FeatureUnion combines several transducer objects with their output. Combine with a new converter. FeatureUnion takes a list of transducer objects. During fitting, each of these fits the data individually. To transform the data, the transformations are applied in parallel and the sample vectors they output are end-to-end concatenated into large vectors. FeatureUnion serves the same purpose as Pipeline-convenience and joint parameter estimation and validation. You can combine Feature Union and pipelines to create complex models. (FeatureUnion has no way to check if two transformations produce the same feature, only if the feature sets are disjointed, it will only generate a union and make sure it is the caller's responsibility).
FeatureUnions are built using a list of (key, value)
pairs. Where key
is the name you give to the conversion (it only works as an arbitrary string or identifier). value
is an estimator object.
>>> from sklearn.pipeline import FeatureUnion
>>> from sklearn.decomposition import PCA
>>> from sklearn.decomposition import KernelPCA
>>> estimators = [('linear_pca', PCA()), ('kernel_pca', KernelPCA())]
>>> combined = FeatureUnion(estimators)
>>> combined
FeatureUnion(n_jobs=1, transformer_list=[('linear_pca', PCA(copy=True,
iterated_power='auto', n_components=None, random_state=None,
svd_solver='auto', tol=0.0, whiten=False)), ('kernel_pca',
KernelPCA(alpha=1.0, coef0=1, copy_X=True, degree=3,
eigen_solver='auto', fit_inverse_transform=False, gamma=None,
kernel='linear', kernel_params=None, max_iter=None, n_components=None,
n_jobs=1, random_state=None, remove_zero_eig=False, tol=0))],
transformer_weights=None)
Like pipelines, feature unions do not require explicit naming of components, [make_union](http://scikit-learn.org/0.18/modules/generated/sklearn.pipeline.make_union.html#sklearn. There is a concise constructor called .pipeline.make_union).
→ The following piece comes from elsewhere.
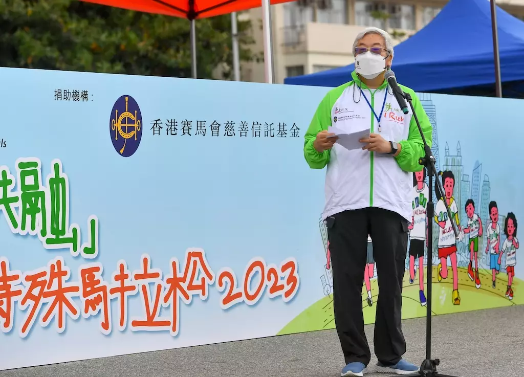馬會副主席李家祥表示馬會第12年支持東華三院「奔向共融」 — 香港賽馬會特殊馬拉松,鼓勵不同能力人士多做運動,推廣健康生活,同時宣揚傷健共融。

>>> combined.set_params(kernel_pca=None)
FeatureUnion(n_jobs=1, transformer_list=[('linear_pca', PCA(copy=True,
iterated_power='auto', n_components=None, random_state=None,
svd_solver='auto', tol=0.0, whiten=False)), ('kernel_pca', None)],
transformer_weights=None)
Similar to the pipeline, individual steps are replaced using set_params
and are ignored when set to None
.
--Example: -Concatenate multiple feature extraction methods -Functional integration with heterogeneous data sources
[scikit-learn 0.18 User Guide 4. Dataset Conversion](http://qiita.com/nazoking@github/items/267f2371757516f8c168#4-%E3%83%87%E3%83%BC%E3%82%BF From% E3% 82% BB% E3% 83% 83% E3% 83% 88% E5% A4% 89% E6% 8F% 9B)
© 2010 --2016, scikit-learn developers (BSD license).